Tsuguhiko Kadokawa: facing magazines’ “difficult reality”
While he said that the editing quality and equity of content have been improving, what one needs for distribution has changed and editors have failed at getting the fruits of the labour out to the public.
Kadokawa presented some data to illustrate the change in print pick up: 50 per cent of people do not buy a book every year and five per cent of people buy a magazine every week.
“Selling magazines means that we need people to go to the book store once a week,” said Kadokawa. “But young people have lost that habit.” Therefore, there is little to no exposure to readers, no matter how beautiful the design or how compelling the content.
Recognising these trends, in October 2014, Kadokawa Corporation merged with Dwango, the operator of ones of Japan’s biggest online video platforms and systems companies to create a “distribution revolution” that shook the conventional methods from the ground up.

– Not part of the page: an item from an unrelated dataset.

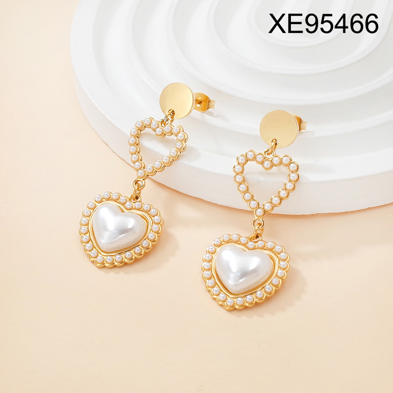 Level B Stainless Steel New Trendy Women Jewelry Pearl Style/Plastic Beads Heart Golden Valentine's Day Earrings

Kadowaka emphasised that the merger was not a simple one, and it encompassed all four features of what he calls the “magazine ecosystem”: media, communication, content and community.
He also went through the three stages of magazine digitisation and provided examples from the Kadokawa Corporation.
The first step is to simply digitize magazines as they are.
Second is to develop a digital custom magazine. Georgia weekly has both a print and app edition.
Last to provide an all-you-can-read digital service for digital magazines. The Kadowaka Corporation partnered with NTT docomo to develop “d magazine”, an online subscription service with a monthly fee that provides readers with 152 magazines from a variety of publishers.
“We have had the courage to jump into this new world,” said Kadowaka. He said that providing readers with content from competing publishers has allowed the Kadowaka Corporation to transition to a platform provider. He believes that by making this transition, the value of content will be protected and it will be able to better compete with large IT companies.
To conclude, Kadowaka emphasised that the rules of publishing are changing and that companies must adapt in order to be successful.
“Let’s not be afraid to make mistakes,” he said.